I do not necessarily disagree with this critique of farm subsidies. I don't have qualms with any critique of US farm subsidies. I like them all. I still hide behind statements like, "The international food system exists in a tremendously complicated, ever fluctuating, probably feigned status quo that is such that we cannot possibly understand what would happen and to whom if US and European farm subsidies ended," though.“We’re subsidizing the least healthy calories in the supermarket — high fructose corn syrup and hydrogenated soy oil, and we’re doing very little for farmers trying to grow real food,” notes Michael Pollan, author of such books as “The Omnivore’s Dilemma” and “In Defense of Food.”
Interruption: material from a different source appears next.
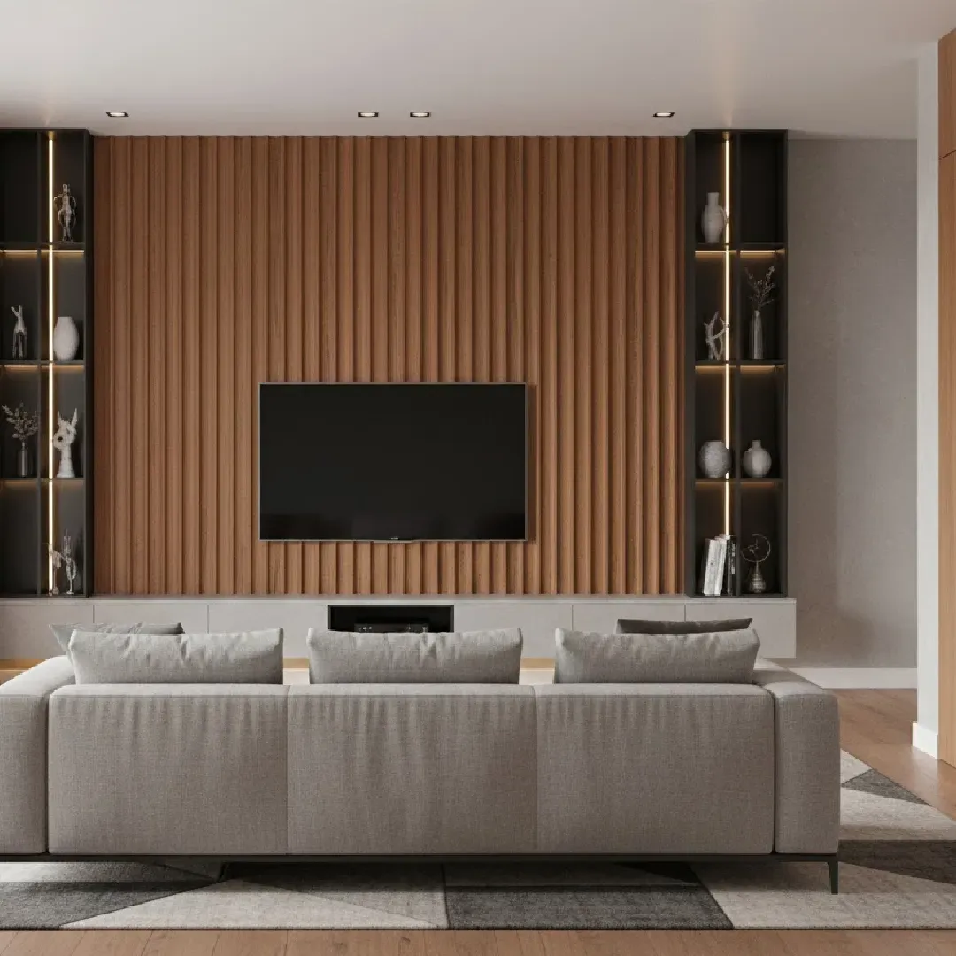 El panel WPC para interiores está compuesto por un 60% de resina de madera y un 40% de PVC, y está acabado con un revestimiento de alta calidad que ofrece texturas realistas y colores sólidos para adaptarse a cualquier estilo de decoración.

The Agriculture Department — and the agriculture committees in Congress — have traditionally been handed over to industrial farming interests by Democrats and Republicans alike. The farm lobby uses that perch to inflict unhealthy food on American children in school-lunch programs, exacerbating our national crisis with diabetes and obesity.
What I do disagree with is when the above cited Op-Ed small mindedly stated that the US should refer to the Department of Agriculture as the 'Department of Food'. The shift is supposed to elucidate that the US is a post-agrarian society, saying that only 2% of Americans can be classified as farmers. The change is supposed to reflect the position of the majority of US citizens that are consumers of food, not producers. I do not deny these numbers, but I feel there are some more general statistics that should be brought to bear in the decision.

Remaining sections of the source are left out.